• What is being asked: Here the job is to transcribe the data verbatim while leaving each picture out.

• Collected material:
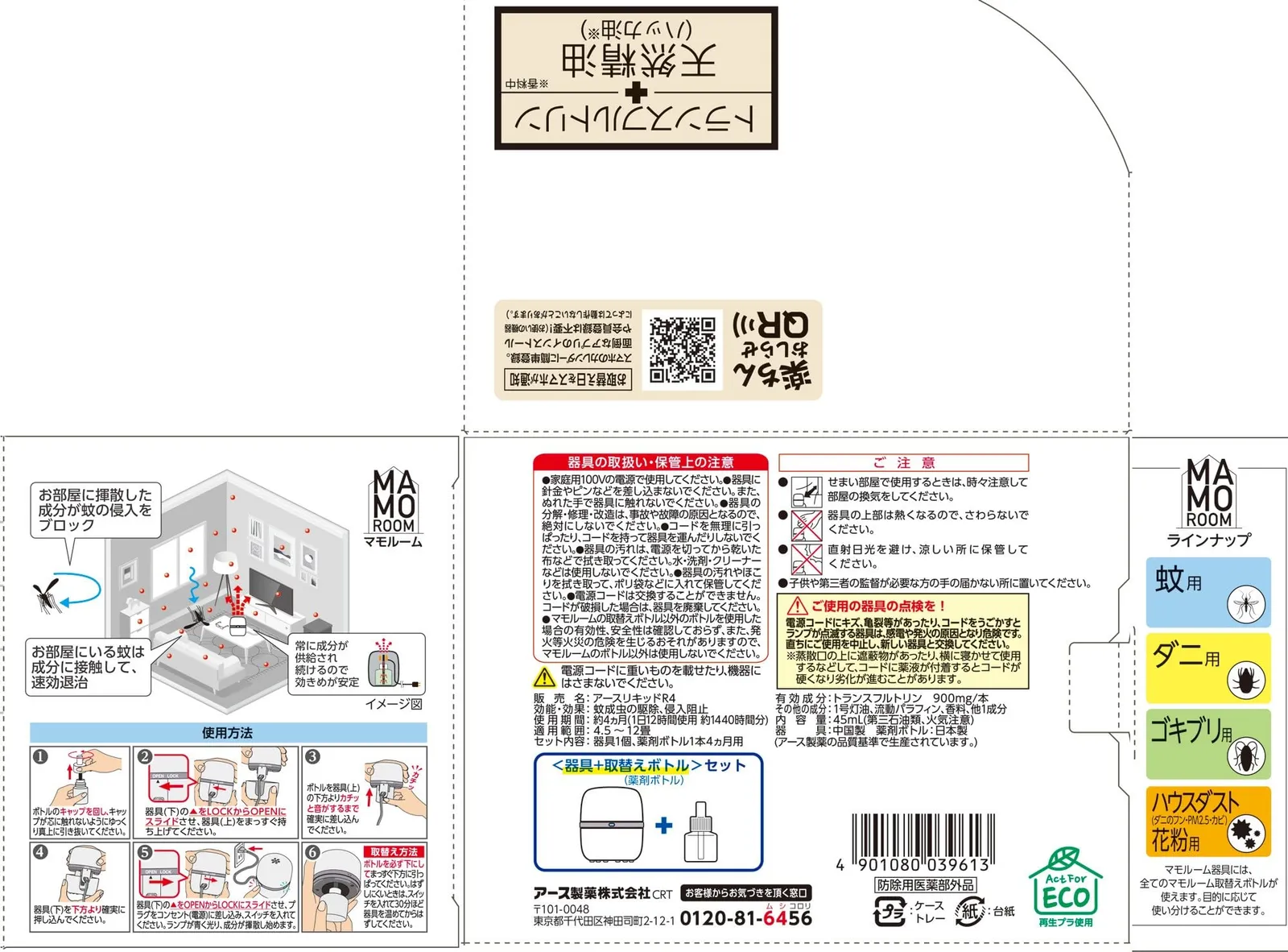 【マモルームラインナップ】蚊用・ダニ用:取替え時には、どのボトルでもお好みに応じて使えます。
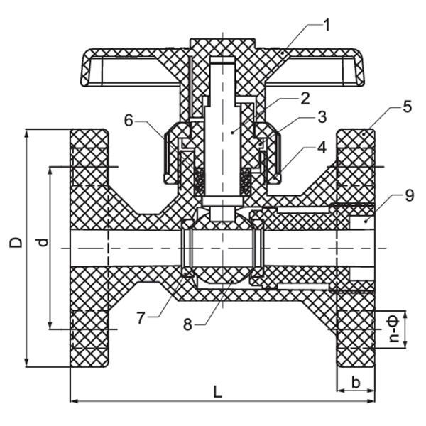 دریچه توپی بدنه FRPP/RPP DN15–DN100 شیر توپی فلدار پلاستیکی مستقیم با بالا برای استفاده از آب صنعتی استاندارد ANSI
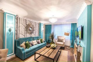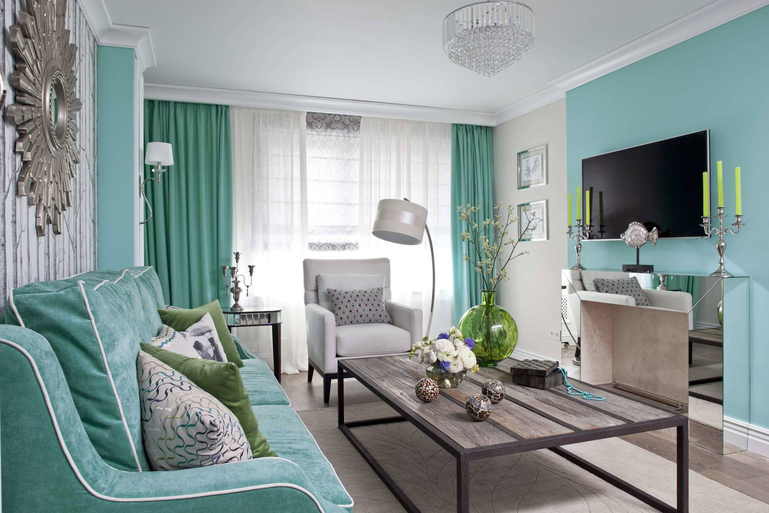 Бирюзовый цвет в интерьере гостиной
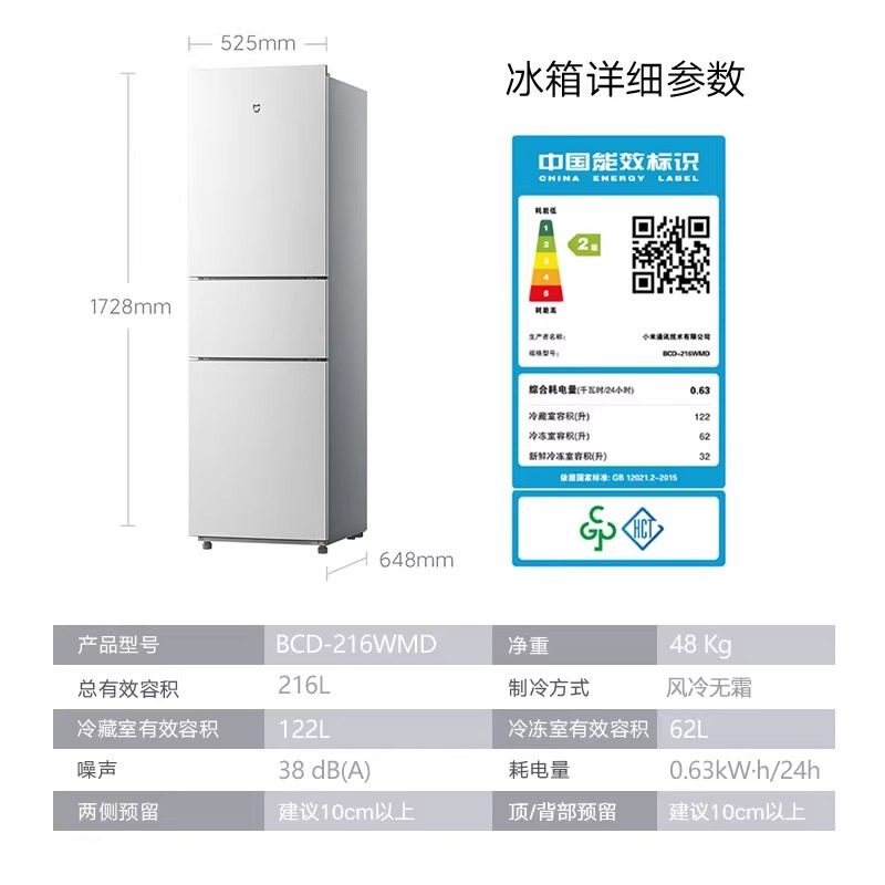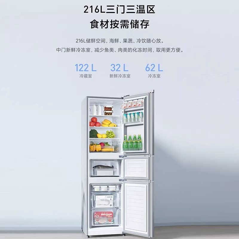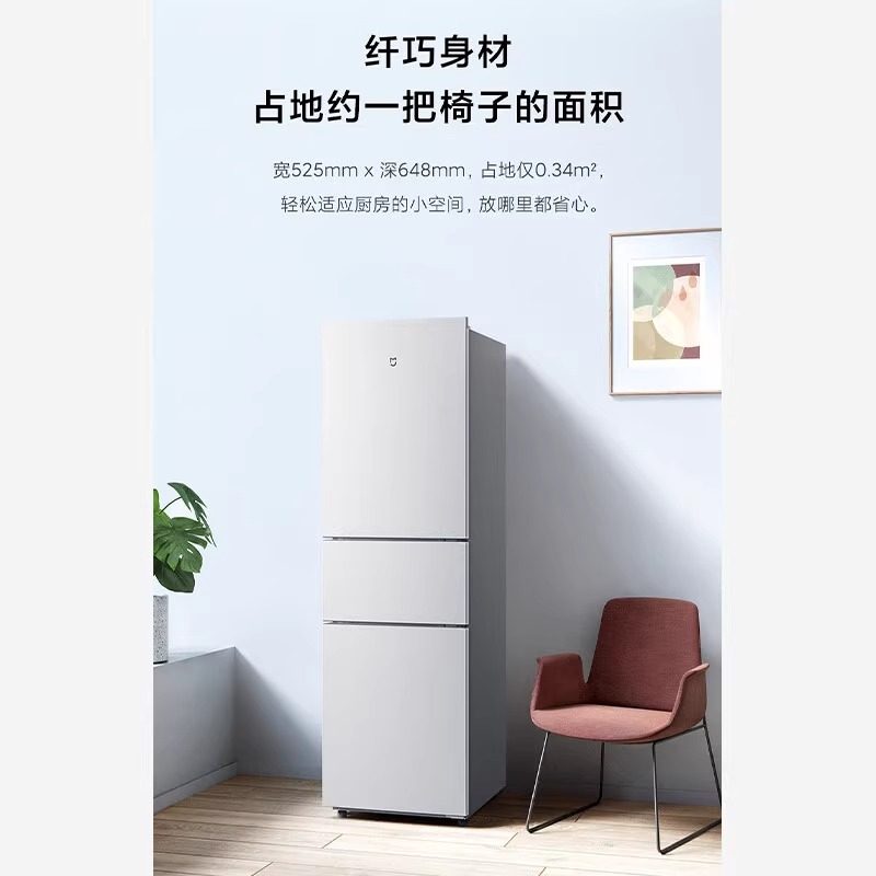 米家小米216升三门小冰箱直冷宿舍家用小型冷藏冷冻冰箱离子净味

• Output of the task:
 【マモルームラインナップ】蚊用・ダニ用:取替え時には、どのボトルでもお好みに応じて使えます。
 دریچه توپی بدنه FRPP/RPP DN15–DN100 شیر توپی فلدار پلاستیکی مستقیم با بالا برای استفاده از آب صنعتی استاندارد ANSI
 Бирюзовый цвет в интерьере гостиной
 米家小米216升三门小冰箱直冷宿舍家用小型冷藏冷冻冰箱离子净味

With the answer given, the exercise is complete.